Это все фраки. Это все, конечно, фраки свое дело делают. И тот, и другой — словно родились в них. Дурак, чего это я столь бурно восстал против сих вершинных достижений рода человеческого?
Если и не на их крылатых фалдах долетели мы до светоносных французских салонов, рассадников любомудрия, просвещения и гуманизма, то уж, наверняка, ими завершен наш путь от пещеры и мордобоя к милосердию и терпимости. Да, мы еще звери, — сказал нам легкомысленный мистер Фрак, жонглируя изящной тростью, как волшебной палочкой, — да, мы еще тьма хищного инстинкта и кровожадности, но мы уже и нечто другое.
Отец Кэрен тоже во фраке. Ну и Хромополк. Круглая, добродушная морда луны — чистый Пьер Безухов.
После торжественной увертюры и вольных упражнений с фотографами свадьба переместилась поближе к зданию. На лужайке перед особняком под развесистым каштаном, — может быть, кленом, — может быть, дубом, ясенем… Помню что-то развесистое над нами, густое, зеленое, щедрое, вымахавшее до небес, праздничное и нарядное.

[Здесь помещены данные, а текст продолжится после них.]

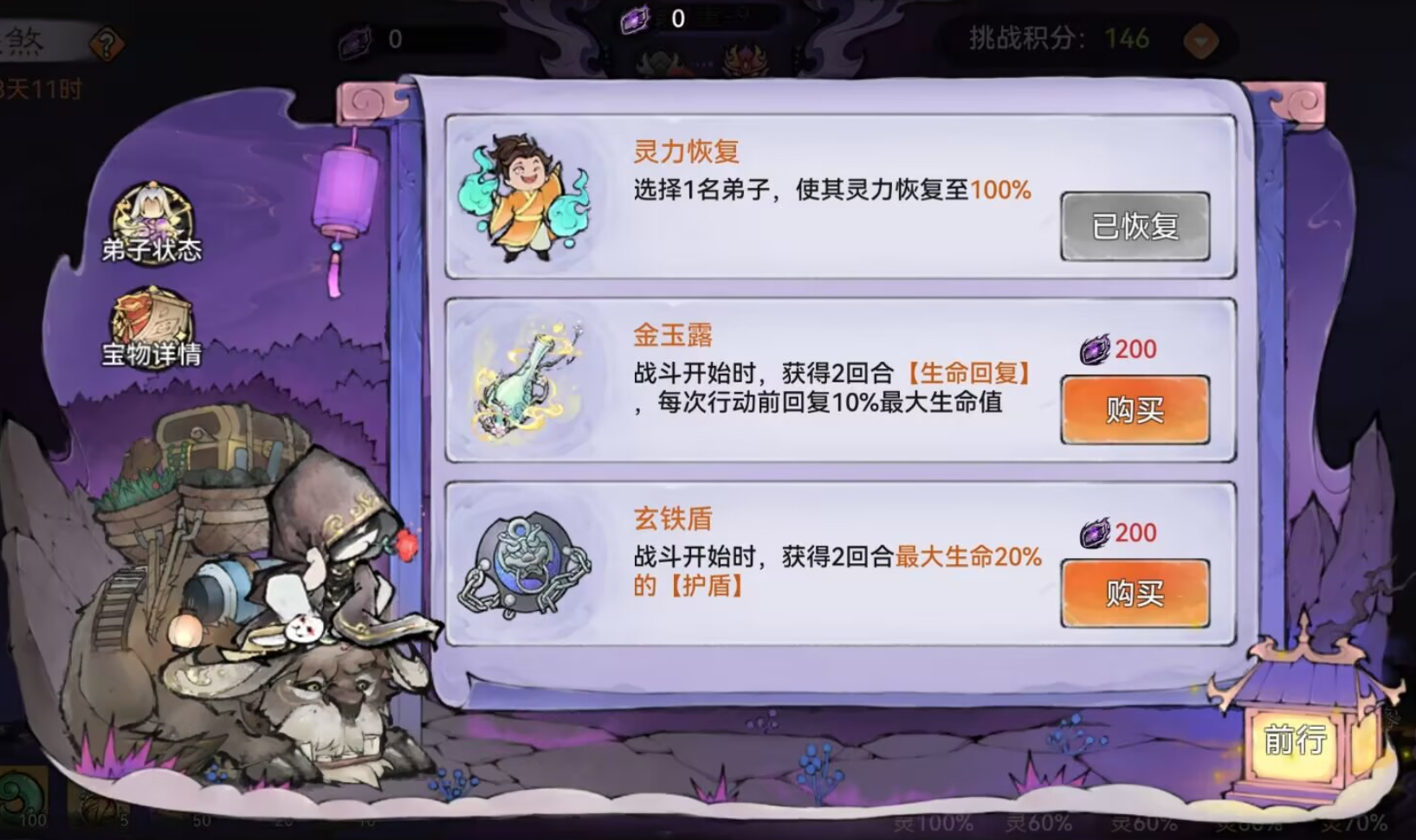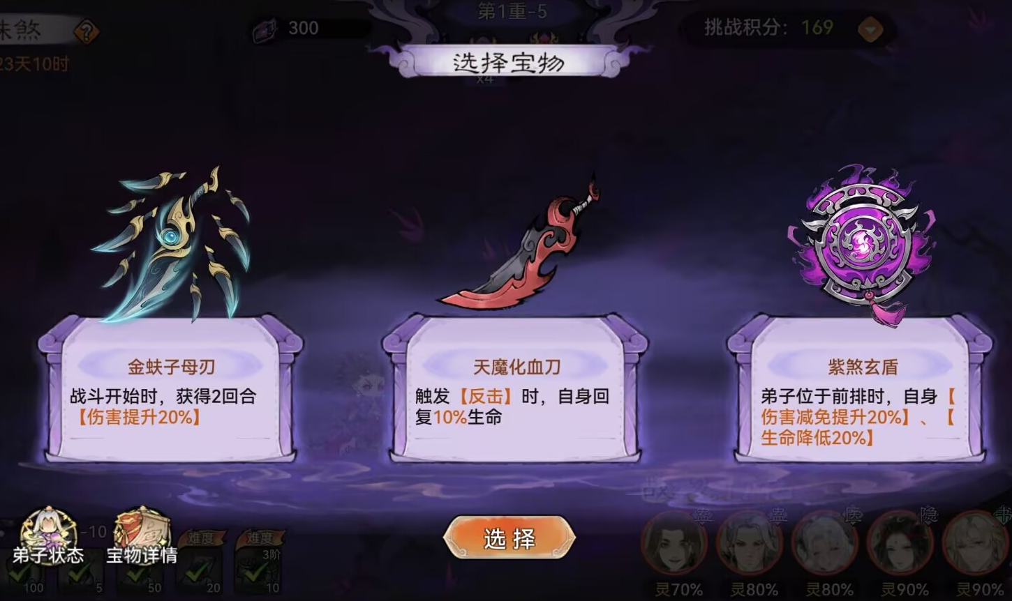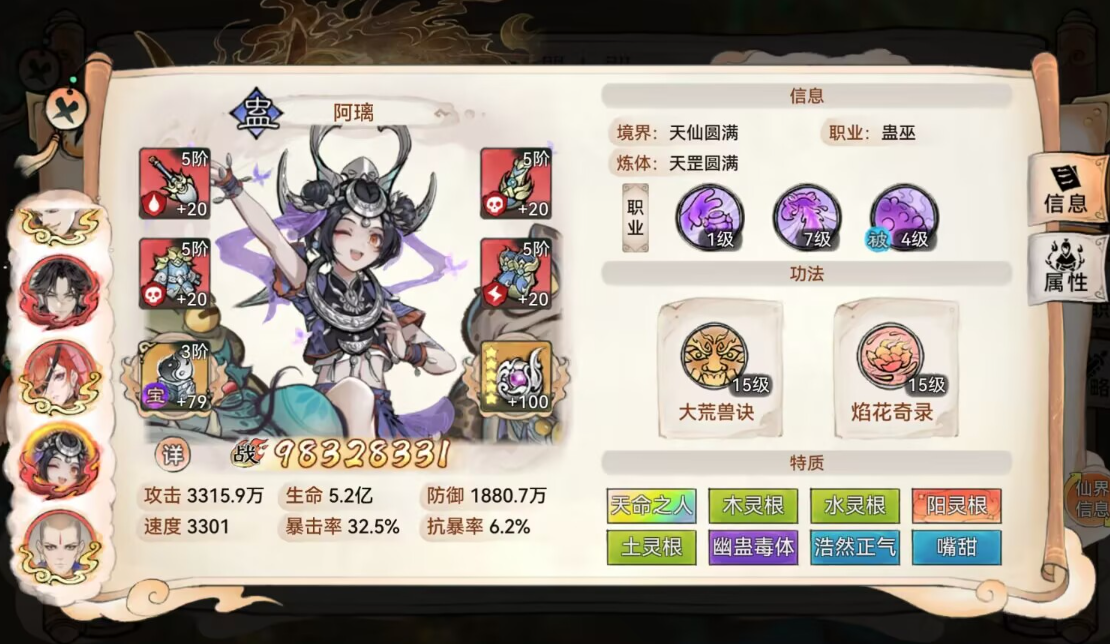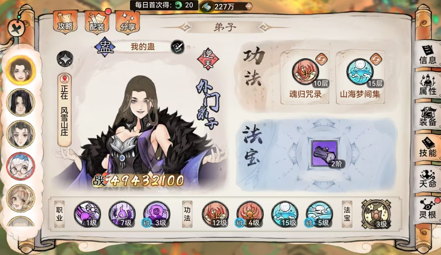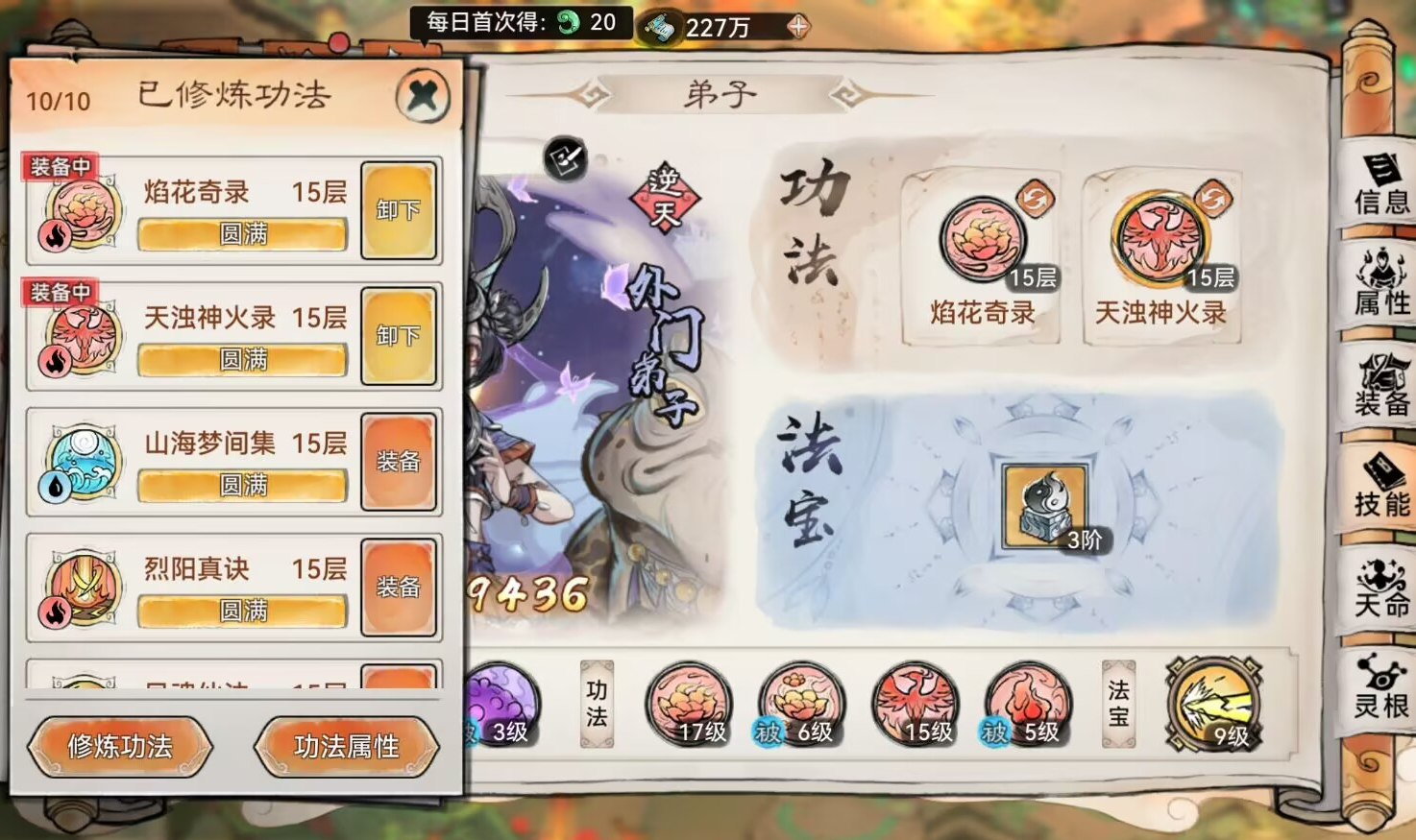 3、其他挂件弟子就找自己阵容中的战力比较低的弟子就行,功法还是带魂归+山海或者凤魂,法宝带二阶木。
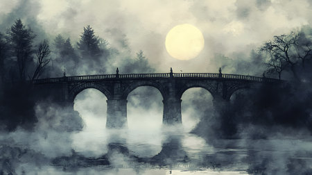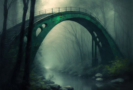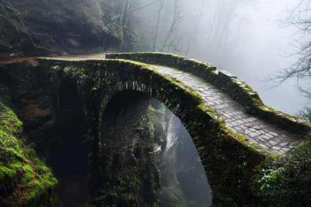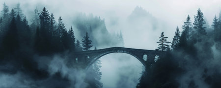 Ancient stone bridge over a misty river, mysterious road, timeless journey
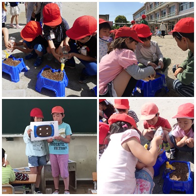 あさがおのたねをうえたよ 1年生 公開日 2018/05/09 更新日 2018/05/09 1年生 ○ 5月9日(水) 今日の5時間目に、2年生と一緒にあさがおの種蒔きをしました。ペアのお兄さん、お姉さんが優しく教えてくれたことで、1年生の子どもたちは笑顔で活動することができました。あさがおが大きく育つことを願って、明日から水やりを一生懸命がんばります。 いいね(0)
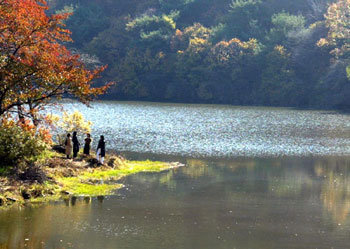 29日、京畿道龍仁市(キョンギド、ヨンインシ)のエバーランド付近のホアム湖を訪れた市民たちが、穏やかな湖に映った紅葉を見物し、秋の趣を満喫している。気象庁は、週末は快晴で昼の気温が20℃を上回るなど、紅葉を鑑賞するのに最適の天気になると予報した。

На лужайке перед особняком, чуть сбоку, под развесистым кленом выстроились молодожены и мы, их родители. Поздравления принимаем.
Длиннющая очередь гостей.
Не за хлебом, не за сахаром, не за керосином…
— Ты помнишь эти очереди?
— А что же, я не помню?
— В нашей прошлой жизни…
— Вот именно, что в прошлой.
— В нашей прошлой жизни легче назвать то, за чем не было очередей, чем то, за чем они были. Ты со мной не согласен?
— Я помню очереди даже за водой. За простой водой, у колонки, у нас на углу. Чтоб я так была здорова.
— А в баню? Очереди в баню были, по-моему, до самого нашего отъезда.
Длиннющая очередь гостей. Стоит, болтает, хохмит, веселится. Девицы-официантки с подносами обслуживают ее.
Ну вот и Кирилл… Кирилл?!
Подходит Кирилл. Тоже обнимает, лобызает. Как все. Как будто не он и не вчера еще обещал не прийти. Однако бравости не поуменьшилось, в сторонку меня тащит.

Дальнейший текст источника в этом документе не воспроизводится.